DATA section start

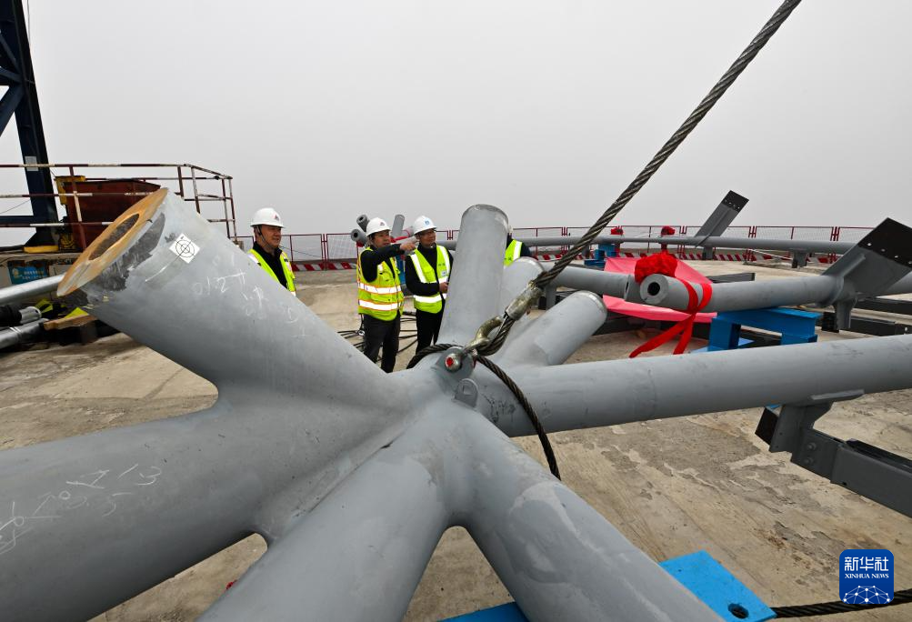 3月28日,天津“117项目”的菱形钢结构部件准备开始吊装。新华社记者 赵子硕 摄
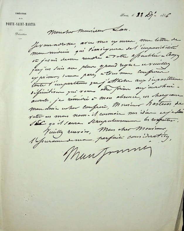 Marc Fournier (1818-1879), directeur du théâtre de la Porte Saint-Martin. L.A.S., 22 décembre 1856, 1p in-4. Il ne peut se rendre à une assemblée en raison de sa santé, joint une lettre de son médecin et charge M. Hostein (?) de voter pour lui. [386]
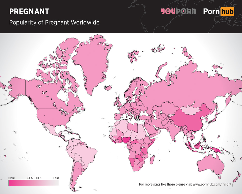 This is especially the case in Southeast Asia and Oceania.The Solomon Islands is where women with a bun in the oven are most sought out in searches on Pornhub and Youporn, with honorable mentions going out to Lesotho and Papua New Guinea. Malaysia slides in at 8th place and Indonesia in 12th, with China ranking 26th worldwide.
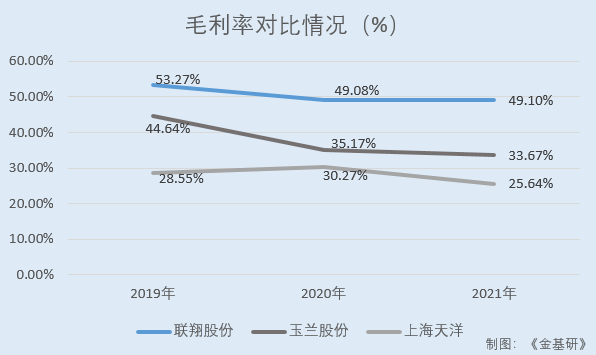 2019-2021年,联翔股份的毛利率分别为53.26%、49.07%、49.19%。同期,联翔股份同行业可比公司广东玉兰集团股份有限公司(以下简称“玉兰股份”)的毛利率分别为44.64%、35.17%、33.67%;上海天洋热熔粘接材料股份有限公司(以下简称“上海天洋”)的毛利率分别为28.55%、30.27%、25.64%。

DATA section end

*TASK GOAL*
Leaving out the pictures, restate each line of the listing above verbatim, from the opening line to the line bearing "Marc Fournier (1818-1879), directeur", inclusive, and no more.

*ANSWER BOX*
 3月28日,天津“117项目”的菱形钢结构部件准备开始吊装。新华社记者 赵子硕 摄
 Marc Fournier (1818-1879), directeur du théâtre de la Porte Saint-Martin. L.A.S., 22 décembre 1856, 1p in-4. Il ne peut se rendre à une assemblée en raison de sa santé, joint une lettre de son médecin et charge M. Hostein (?) de voter pour lui. [386]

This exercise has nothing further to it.